START SOURCE MATERIAL

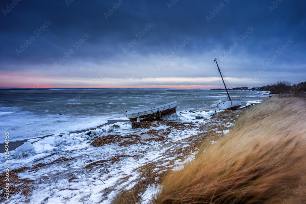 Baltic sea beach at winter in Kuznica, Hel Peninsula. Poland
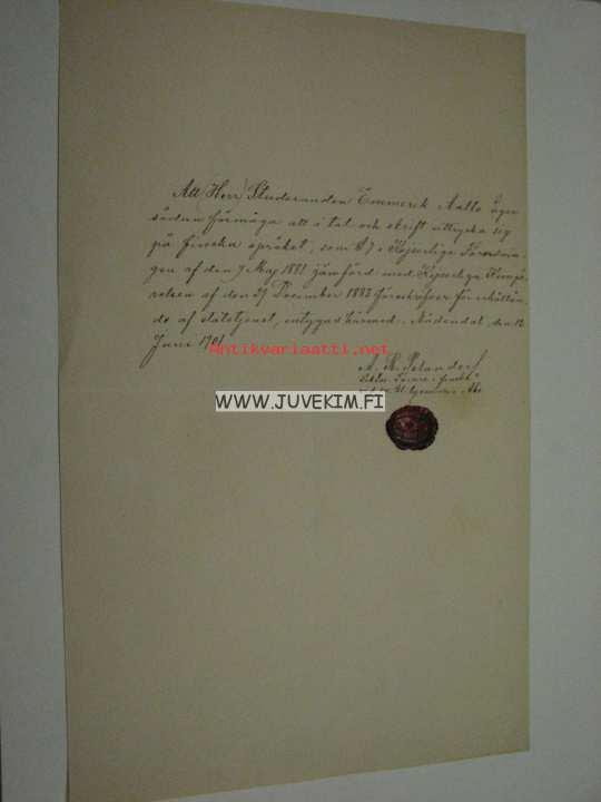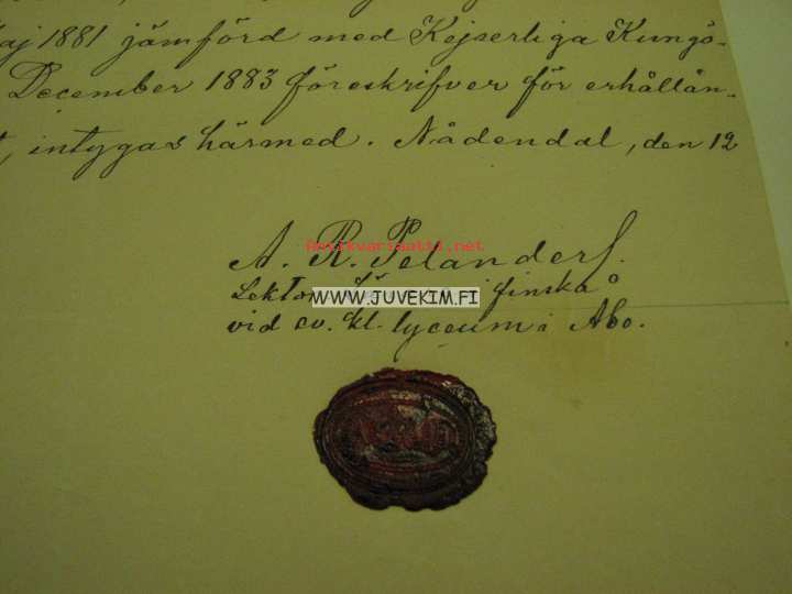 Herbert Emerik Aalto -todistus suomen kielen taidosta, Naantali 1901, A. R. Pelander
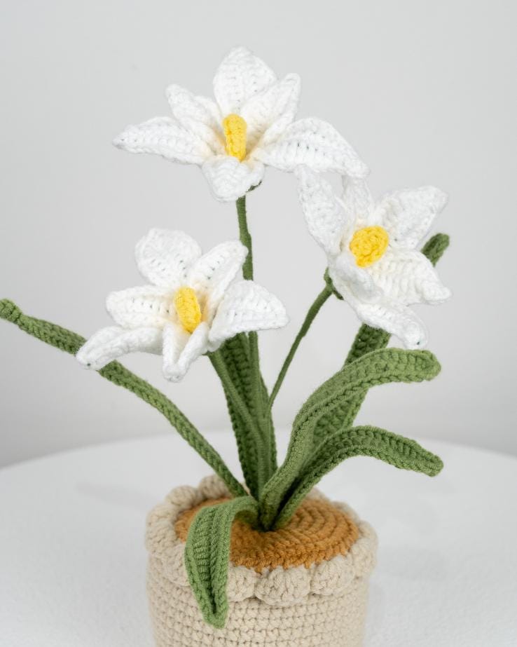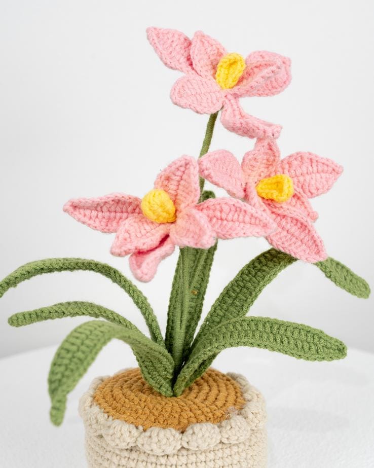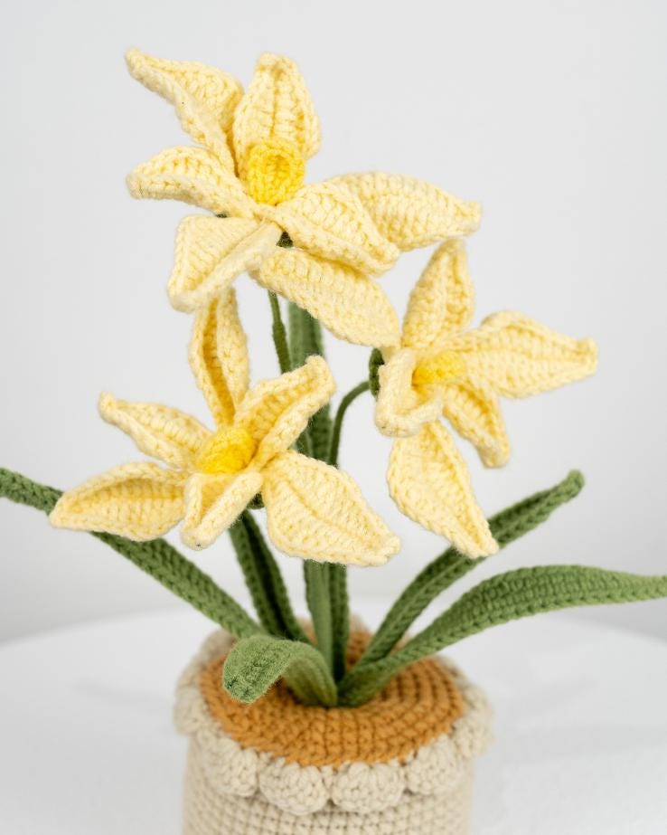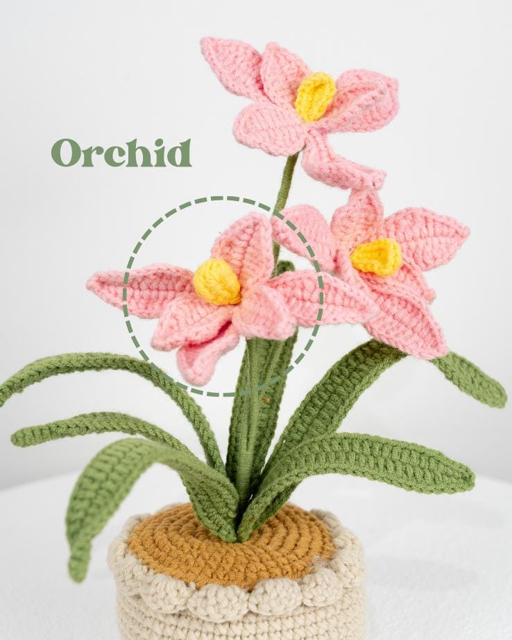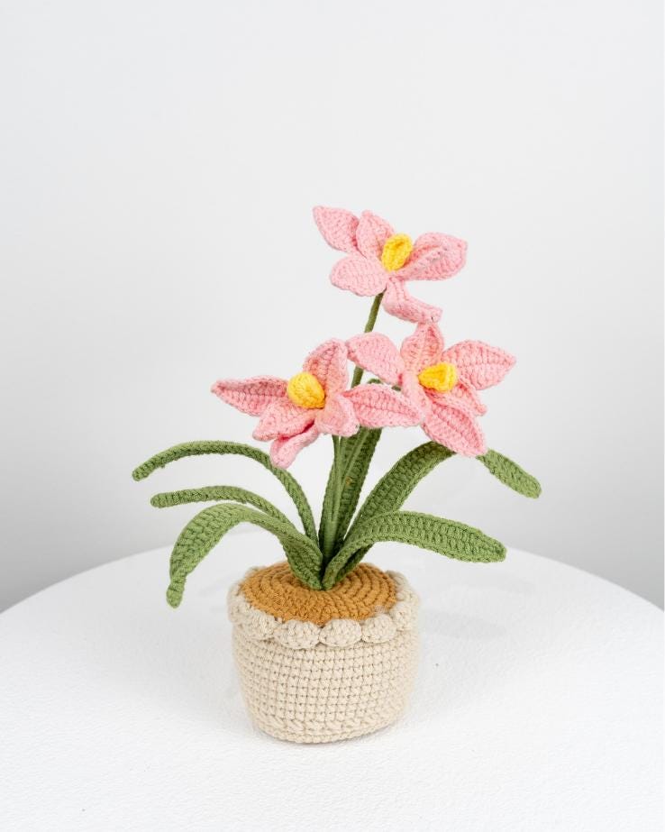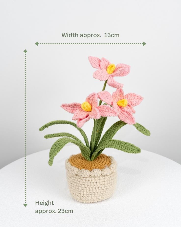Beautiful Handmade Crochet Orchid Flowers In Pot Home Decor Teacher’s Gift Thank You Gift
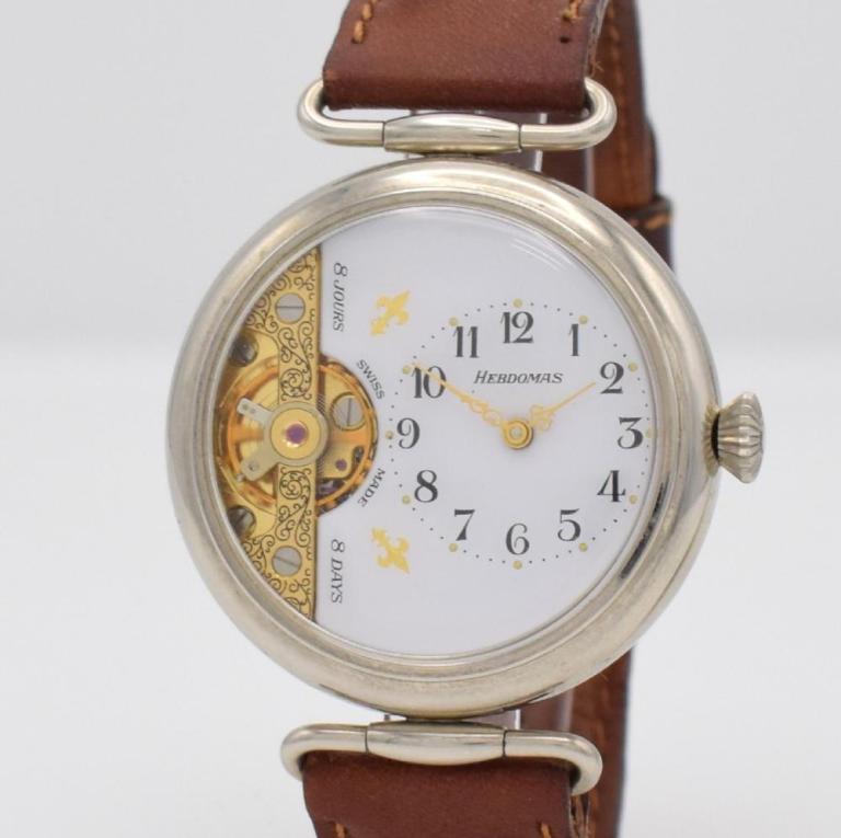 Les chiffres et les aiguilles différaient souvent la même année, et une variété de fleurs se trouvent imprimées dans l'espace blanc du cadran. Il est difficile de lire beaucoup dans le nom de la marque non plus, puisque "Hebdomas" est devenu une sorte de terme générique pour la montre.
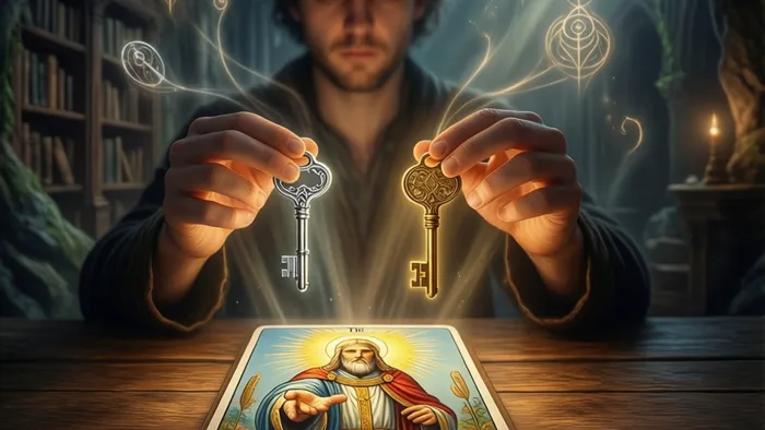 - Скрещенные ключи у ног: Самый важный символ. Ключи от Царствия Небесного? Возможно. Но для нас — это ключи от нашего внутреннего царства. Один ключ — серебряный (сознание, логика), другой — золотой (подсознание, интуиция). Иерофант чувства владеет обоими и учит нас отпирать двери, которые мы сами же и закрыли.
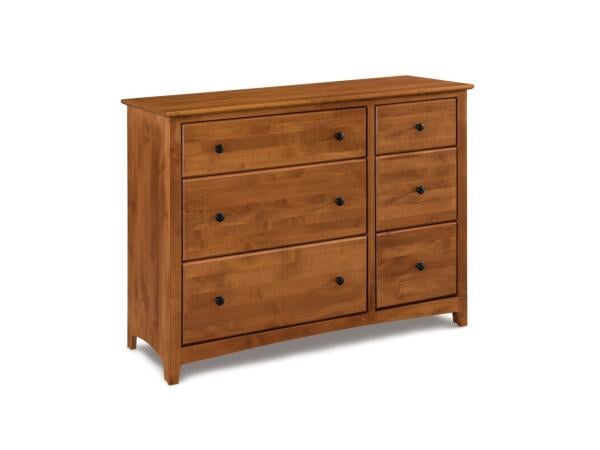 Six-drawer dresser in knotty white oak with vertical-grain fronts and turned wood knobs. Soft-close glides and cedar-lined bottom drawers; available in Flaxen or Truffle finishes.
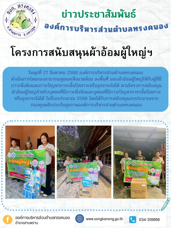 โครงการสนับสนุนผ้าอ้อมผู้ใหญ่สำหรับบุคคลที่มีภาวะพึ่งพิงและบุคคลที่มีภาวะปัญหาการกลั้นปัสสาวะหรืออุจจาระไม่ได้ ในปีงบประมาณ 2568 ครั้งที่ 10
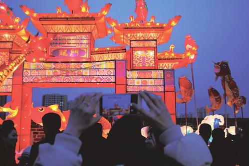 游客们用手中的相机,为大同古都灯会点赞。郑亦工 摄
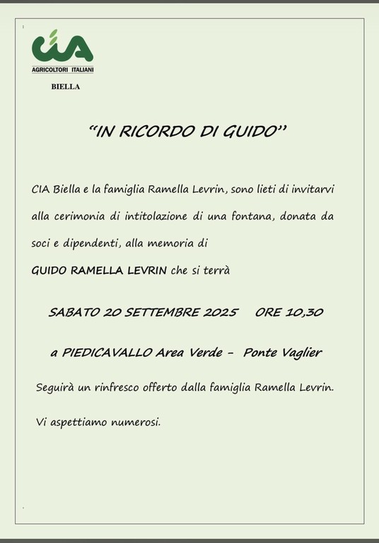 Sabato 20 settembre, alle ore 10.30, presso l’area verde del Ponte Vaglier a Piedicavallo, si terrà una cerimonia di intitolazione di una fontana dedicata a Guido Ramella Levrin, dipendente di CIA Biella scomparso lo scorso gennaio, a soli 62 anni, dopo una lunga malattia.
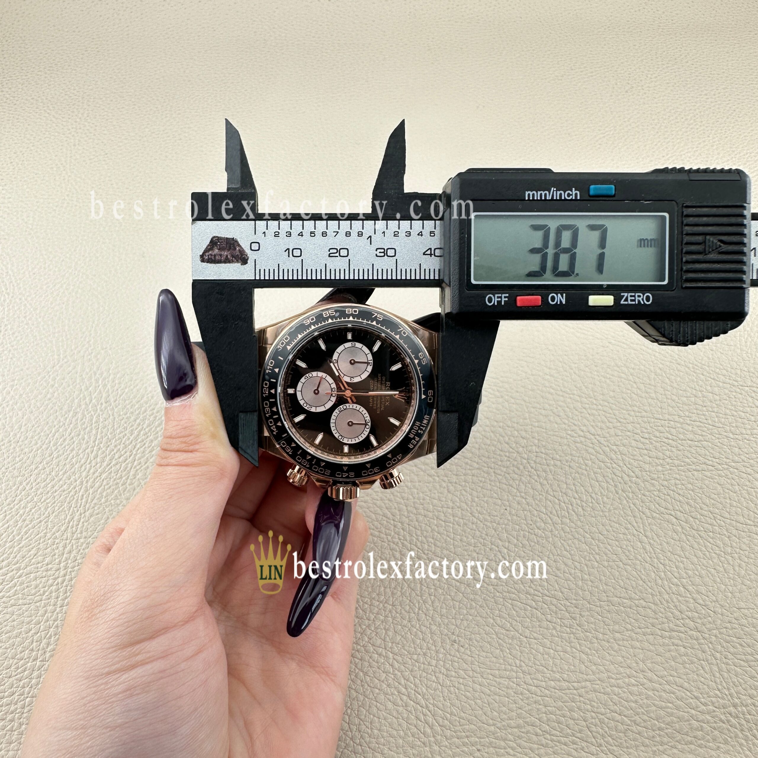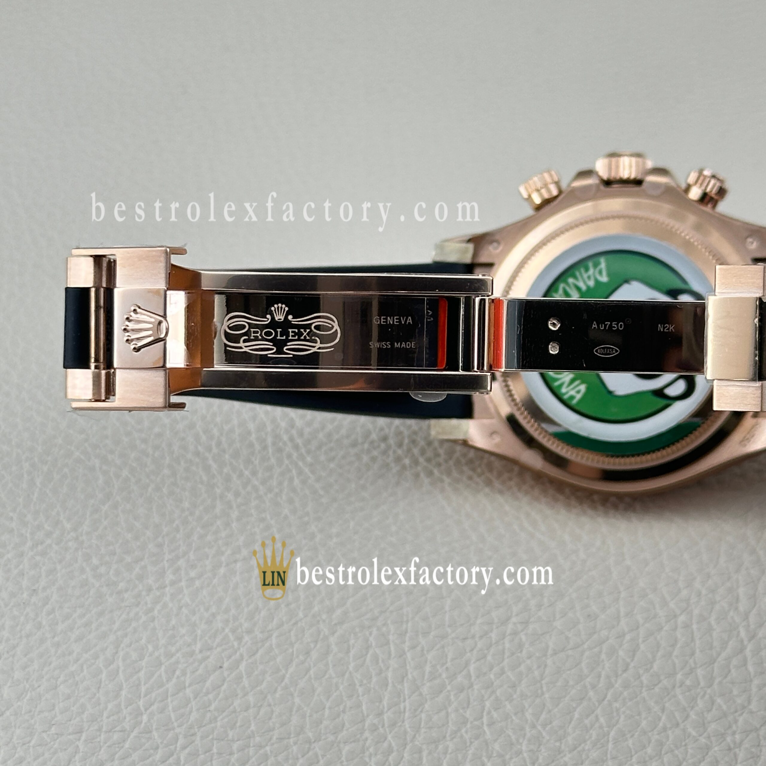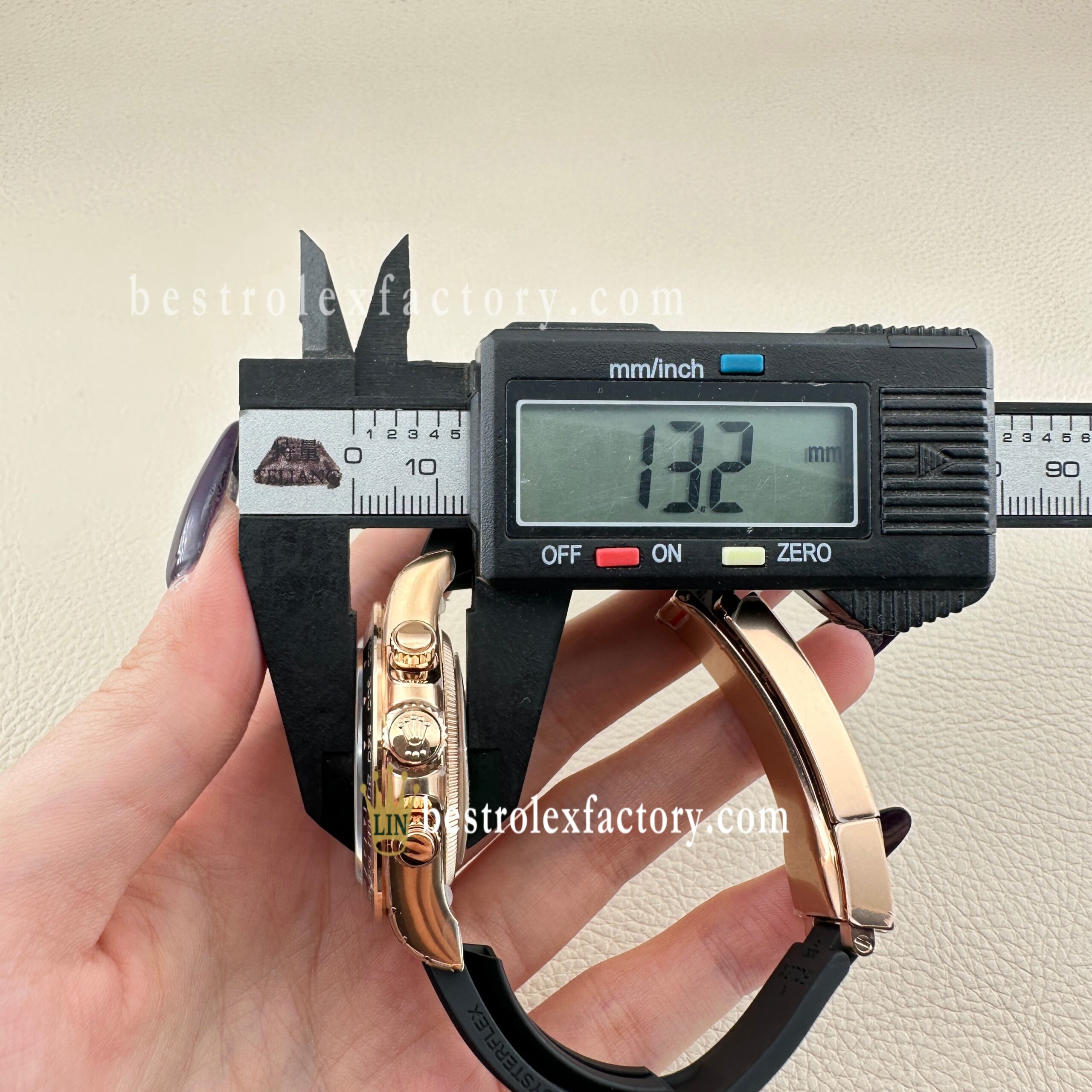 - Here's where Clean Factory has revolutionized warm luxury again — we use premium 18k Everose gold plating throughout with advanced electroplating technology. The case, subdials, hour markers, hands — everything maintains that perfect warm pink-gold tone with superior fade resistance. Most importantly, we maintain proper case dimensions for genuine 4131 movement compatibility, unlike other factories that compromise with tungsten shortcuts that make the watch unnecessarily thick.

END SOURCE MATERIAL

Your task is to return the lines above, from the first one up to and including the line containing "Sabato 20 settembre, alle", minus any pictures.

 Baltic sea beach at winter in Kuznica, Hel Peninsula. Poland
 Herbert Emerik Aalto -todistus suomen kielen taidosta, Naantali 1901, A. R. Pelander
Beautiful Handmade Crochet Orchid Flowers In Pot Home Decor Teacher’s Gift Thank You Gift
 Les chiffres et les aiguilles différaient souvent la même année, et une variété de fleurs se trouvent imprimées dans l'espace blanc du cadran. Il est difficile de lire beaucoup dans le nom de la marque non plus, puisque "Hebdomas" est devenu une sorte de terme générique pour la montre.
 - Скрещенные ключи у ног: Самый важный символ. Ключи от Царствия Небесного? Возможно. Но для нас — это ключи от нашего внутреннего царства. Один ключ — серебряный (сознание, логика), другой — золотой (подсознание, интуиция). Иерофант чувства владеет обоими и учит нас отпирать двери, которые мы сами же и закрыли.
 Six-drawer dresser in knotty white oak with vertical-grain fronts and turned wood knobs. Soft-close glides and cedar-lined bottom drawers; available in Flaxen or Truffle finishes.
 โครงการสนับสนุนผ้าอ้อมผู้ใหญ่สำหรับบุคคลที่มีภาวะพึ่งพิงและบุคคลที่มีภาวะปัญหาการกลั้นปัสสาวะหรืออุจจาระไม่ได้ ในปีงบประมาณ 2568 ครั้งที่ 10
 游客们用手中的相机,为大同古都灯会点赞。郑亦工 摄
 Sabato 20 settembre, alle ore 10.30, presso l’area verde del Ponte Vaglier a Piedicavallo, si terrà una cerimonia di intitolazione di una fontana dedicata a Guido Ramella Levrin, dipendente di CIA Biella scomparso lo scorso gennaio, a soli 62 anni, dopo una lunga malattia.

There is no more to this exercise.